The GOP relies on former servicemen and women as both a constituency (in 2016, Donald Trump won them by a two-to-one margin), and as reinforcements in its culture war. Veterans command broad, bipartisan respect — and thus, have the power to turn any cause they’re associated with into a sacred cow. Republicans have had little difficulty reframing calls for cutting America’s gargantuan military budget or ending misbegotten wars — or even reducing police violence against African-Americans — as affronts to those who fought and died for this country.

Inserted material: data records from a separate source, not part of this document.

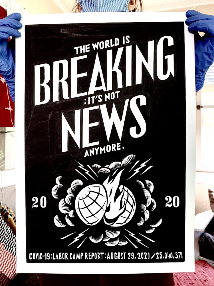 While this urgency lends the work much of its power, so does the universality of the issues he’s addressing. Just as he’s painstakingly drawing each letter by hand, Szyhalski is equally precise in selecting imagery to include in each work. Befitting a pandemic—a term that combines the Greek words for “all” and “people”—he’s sure to stay global in his approach. He never mentions any party, politician, or entity by name, whether Trump or Xi, price-gouging retailers or manufacturers of faulty facemasks. And, for the most part, he reports either the national or global statistics for infection rates and deaths, not local ones. (One particularly visceral exception was April 7’s “Wisconsin Edition.” He listed the count of infections and deaths in that state, along with a depiction of a voter’s hand sliced clean off by a kitchen knife as it deposited a ballot into a voting box—a clear commentary on a ruling from the US Supreme Court that blocked the governor’s efforts to postpone the state’s primary election over the risk of coronavirus infection posed by in-person voting).
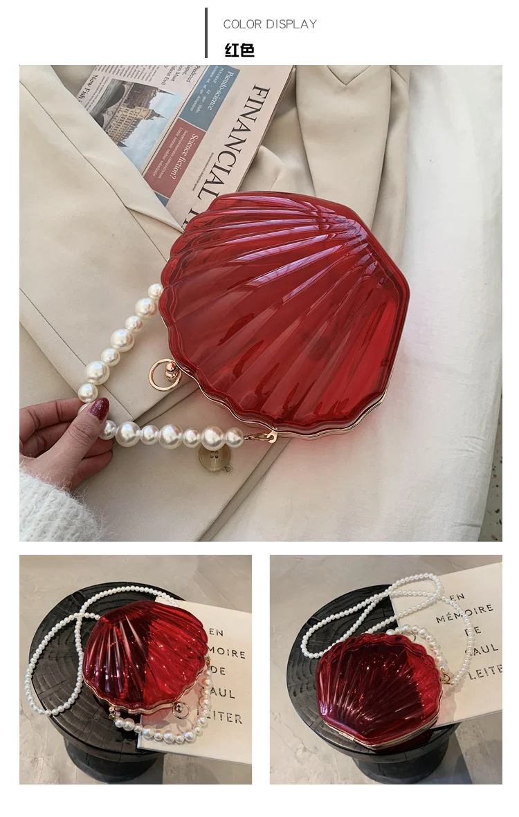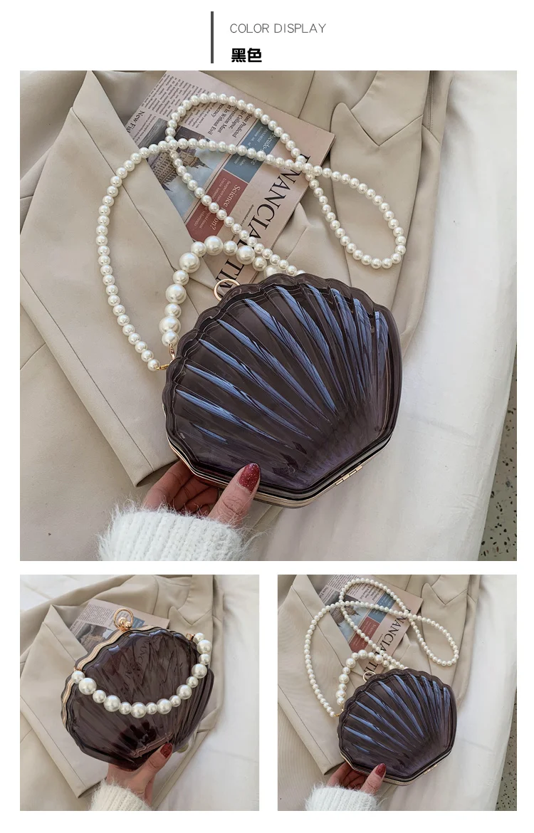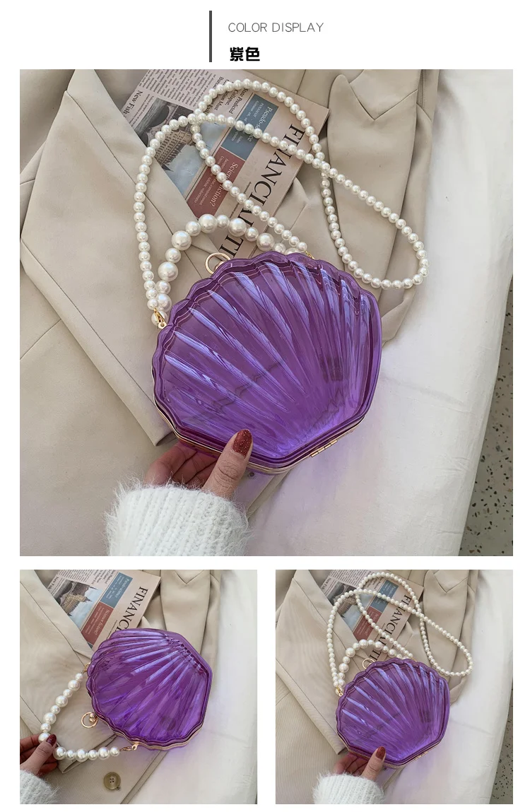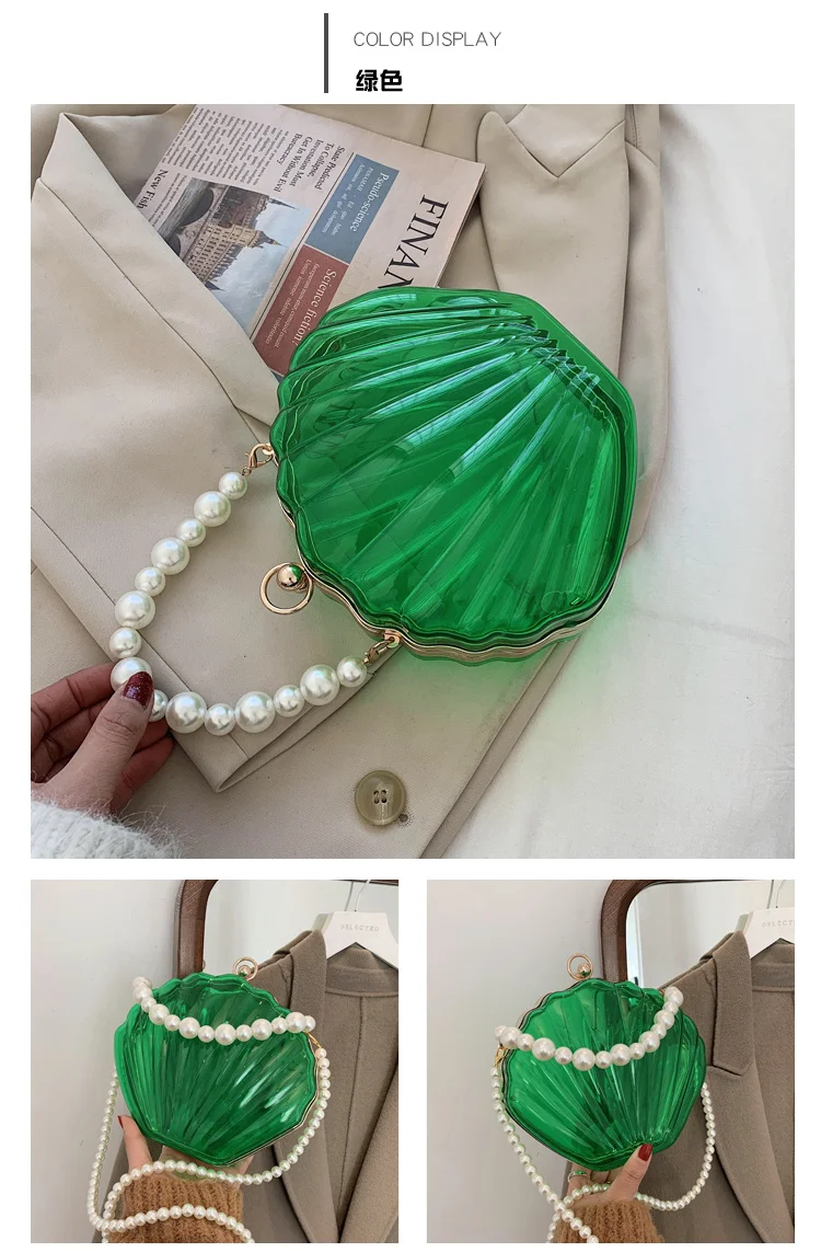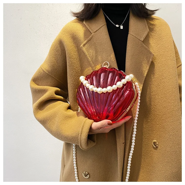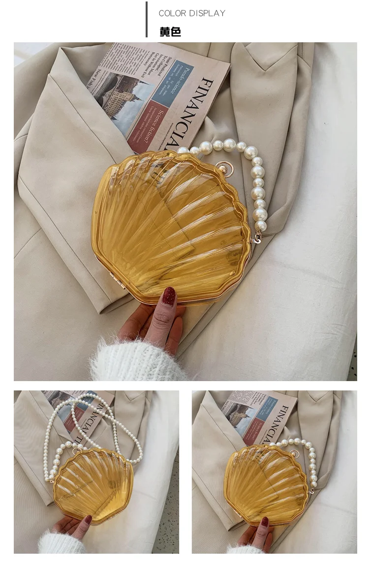 Kylethomasw Transparent Acrylic Tote Shell bag Fashion New High quality PVC Women's Designer Handbag Pearl strap Shoulder Messenger Bag
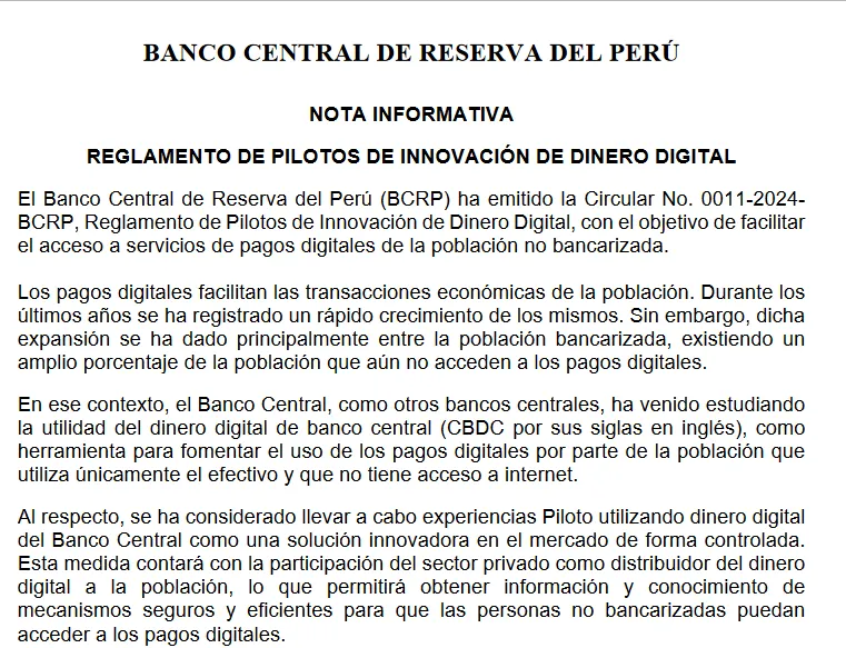 El Banco Central de Reserva del Perú (BCRP) ha lanzado su piloto de “CBDC soberana” de manera oficial con la emisión de la Circular No. 0011-2024-BCRP. El cual que establece el Reglamento de Pilotos de Innovación de Dinero Digital. Esta medida tiene como objetivo principal facilitar el acceso a servicios de pagos digitales para la población no bancarizada del país.
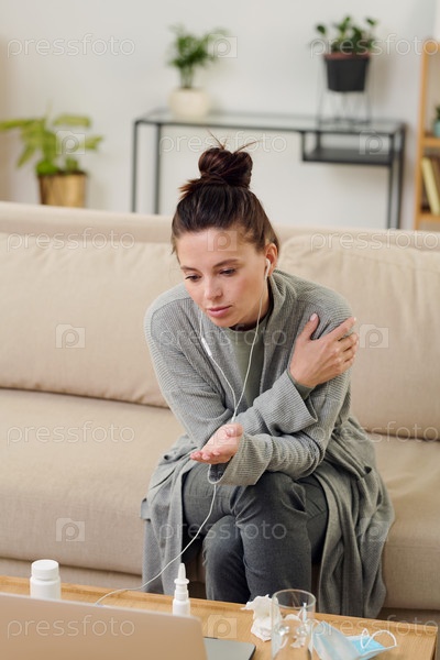 Молодая больная женщина описывает симптомы онлайн-врачу, сидя на диване
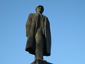 Нет, но «у ног Владимира Ильича», это – супер! Высший пилотаж! СУПЕР! Помните, у Пушкина (того самого, о котором тоже упоминается в материале «Кто уродует Чернигов?») в чудесном стихотворении «Анчар»: «И умер бедный раб у ног непобедимого владыки…» Ей-богу, смотрю на иллюстрацию каменного идола, которому коммунальщики ноги от краски отмывают и действительно верую в его непобедимость!
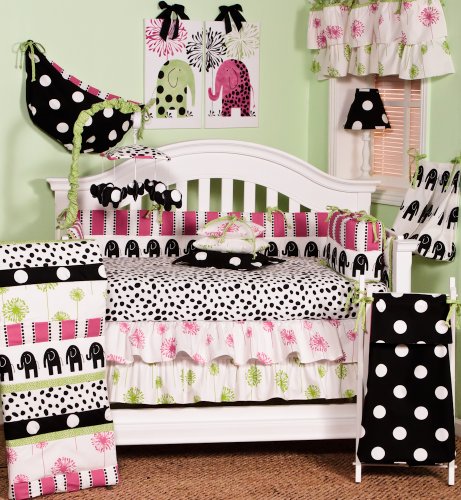 A quality baby bedding set is essential in making your nursery warm and inviting. All Cotton Tale Designs patterns are made using the finest quality materials and are uniquely designed to create an elegant and sophisticated nursery. This collection is 100% cotton. Graphic, fun, contemporary. The Hottsie Dottsie 8 piece set includes 4 piece Crib Bedding Set(bumper, crib sheet, dust ruffle, and coverlet), diaper stacker, valance, toy bag, and pillow pack. Black elephants with hot pink and green accents.
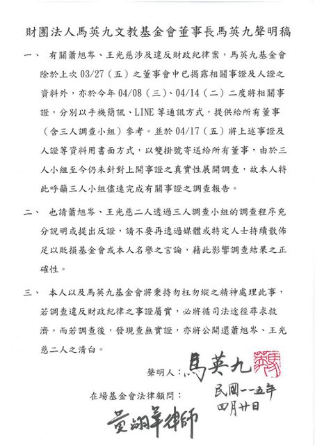 綜合報導/馬英九基金會風波仍未平,針對中國國民黨副主席蕭旭岑、王光慈違反財政紀律案,基金會董事組三人調查小組,不過調查小組日前質疑基金會未提供相關資料,基金會今20日再發聲明,稱17日已經寄雙掛號給所有董事,呼籲三人小組儘速完成有關事證之調查報告。三人小組成員李德維今天表示,17日到今天隔一個周末,還沒收到,在急什麼,“郵局你家開的?”,請“真正的聲明人”稍安勿躁。 馬英九基金會再發聲明,以董事長馬英九署名聲明人發出,指有關蕭旭岑、王光慈涉及違反財政紀律案,馬英九基金會除於上次3月27日之董事會中已揭露相關事證及人證之資料外,亦於今年4月8日、4月14日二度將相關事證分別以手機簡訊、LINE等通訊方式,提供給所有董事(含三人調查小組)參考。並於4月17日將上述事證及人證等資料用書面方式,以雙掛號寄送給所有董事。 聲明指出,由於三人小組至今仍未針對上開事證之真實性展開調查,特此呼籲三人小組儘速完成有關事證之調查報告。也請蕭旭岑、王光慈二人透過三人調查小組的調查程序充分說明或提出反證,請不要再透過媒體或特定人士持續散佈足以貶損基金會或馬英九本人名譽之言論,藉此影響調查結果之正確性。 ![]() 聲明強調,馬英九以及馬英九基金會將秉持勿枉勿縱之精神處理此事,若調查違反財政紀律之事證屬實,必將循司法途徑尋求救濟,而若調查後,發現查無實證,亦將公開還蕭旭岑、王光慈二人之清白。 對此,三人小組之一的李德維直斥無聊,請“真正的聲明人”稍安勿躁,他聲明寫17日週五才寄出,中間隔一個週末,今天就發聲明要人啟動調查,目前還沒收到,他們自己收到雙掛號回條了沒?還沒收到在急什麼,“郵局你家開的嗎?” 李德維強調,調查小組是由董事薛香川召集,自己會審視基金會所提供的資料並約談相關人士說明,調查小組會照該有的步調進行調查,世界不是繞著“真正的聲明人”轉的。 |
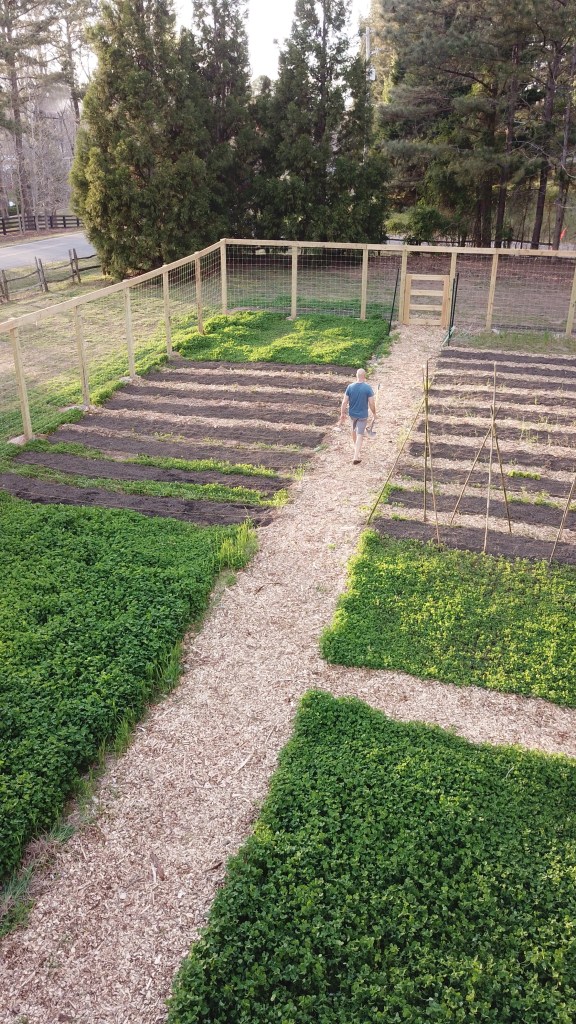 The market garden arial view in early spring. Note the compost system is up on the top right of the picture
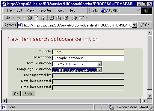 Note: The Default database definition has already been configured (see paragraph Default). - Create Item search database(s).
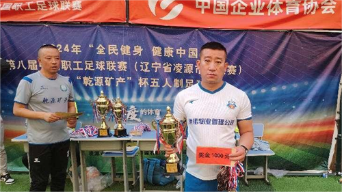 6月16日,2024年“全民健身 健康中國”第八屆中國職工足球聯賽遼寧凌源市基層賽暨“乾源礦產杯”凌源第五屆足球賽(五人制)圓滿落幕。本屆賽事經過一個多月33場比賽的激烈角逐,團體獎項和個人榮譽獎項全部出爐,閉幕式上,賽事組委會為獲獎個人和隊伍頒發了獎杯、獎牌和獎金。
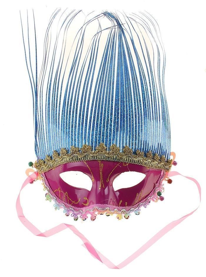 Карнавальная маска нимфы фиолетового цвета и синими волосами, золотистой отделкой сверху и разноцветными бусинками снизу. Размер маски 20х36 см.
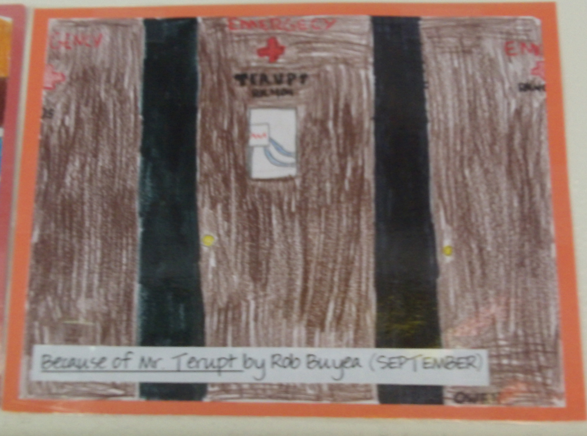 Sorry–I have a curse of blurry pictures I think–but hopefully you can see that it’s a picture of the hospital room where Mr. Terupt spends much of the story and plays a big role in the book.
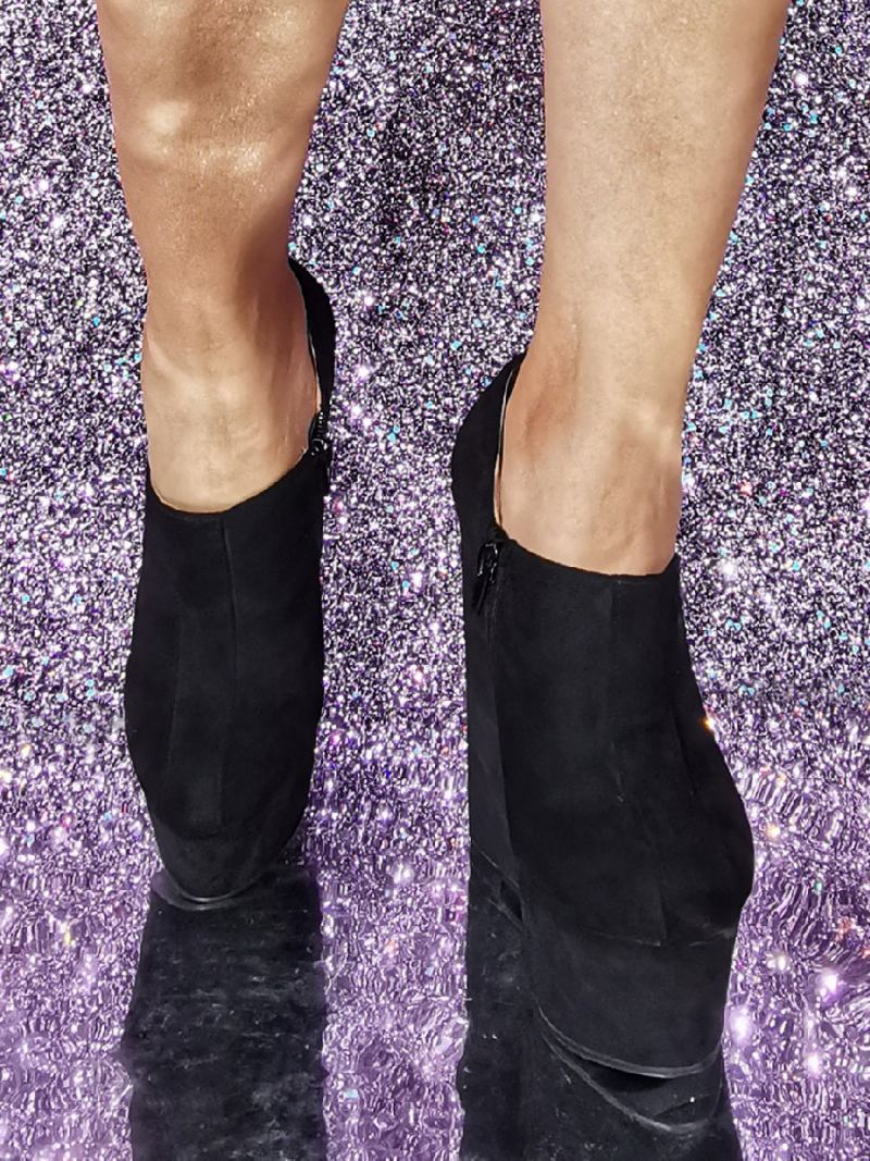 Botas Femininas Com Bico Redondo E Salto Em Cunha
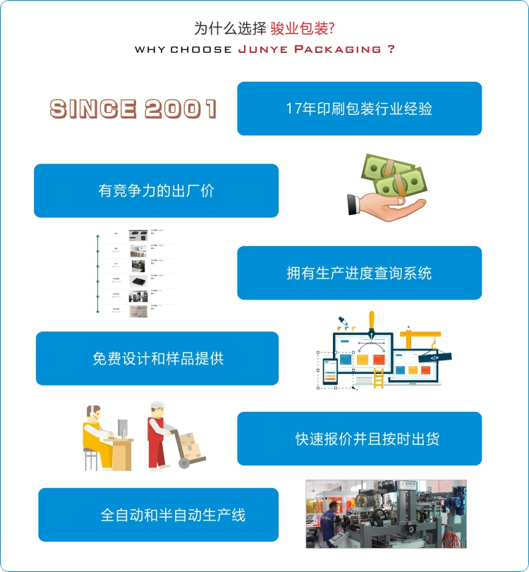 廣州駿業(yè)包裝實(shí)業(yè)有限公司創(chuàng)建于 2001年,是一家以印刷包裝制品為主營(yíng)業(yè)務(wù)的集設(shè)計(jì)、生產(chǎn)、銷售為一體的一般納稅企業(yè),主要生產(chǎn)各種精品包裝盒、紙袋、吊牌,其主要應(yīng)用于服飾、皮具、化妝品、保健品、禮品、首飾、茶葉、酒類、電子產(chǎn)品及其它日用制品等行業(yè),并通過(guò)了德國(guó)萊茵認(rèn)證、BV認(rèn)證、SGS認(rèn)證和WCA認(rèn)證.

But veterans’ cultural cachet is a double-edged sword for the GOP. The conservative movement exists to undermine the notion that the federal government has an obligation to safeguard the well-being of working-class Americans. And veterans are both largely working-class and disproportionately likely to rely on public programs and public-interest regulations for their well-being. Vets get their health care from the single most socialized segment of America’s health-care sector — and most of their advocacy organizations want to keep it that way. Meanwhile, veterans’ acute vulnerability to predatory lenders has abetted the passage of bipartisan legislation strengthening federal regulations on the finance industry. Which is to say that on a number of economic issues, Democrats are the ones holding the “support our troops” card.
All this presented the Trump administration with a stark choice: It could either show deference to the interests of one of its core constituencies, or maximize its cronies’ ability to profit off of deregulation and privatization (at considerable political risk).
It’s now clear that president Trump has opted for door No. 2.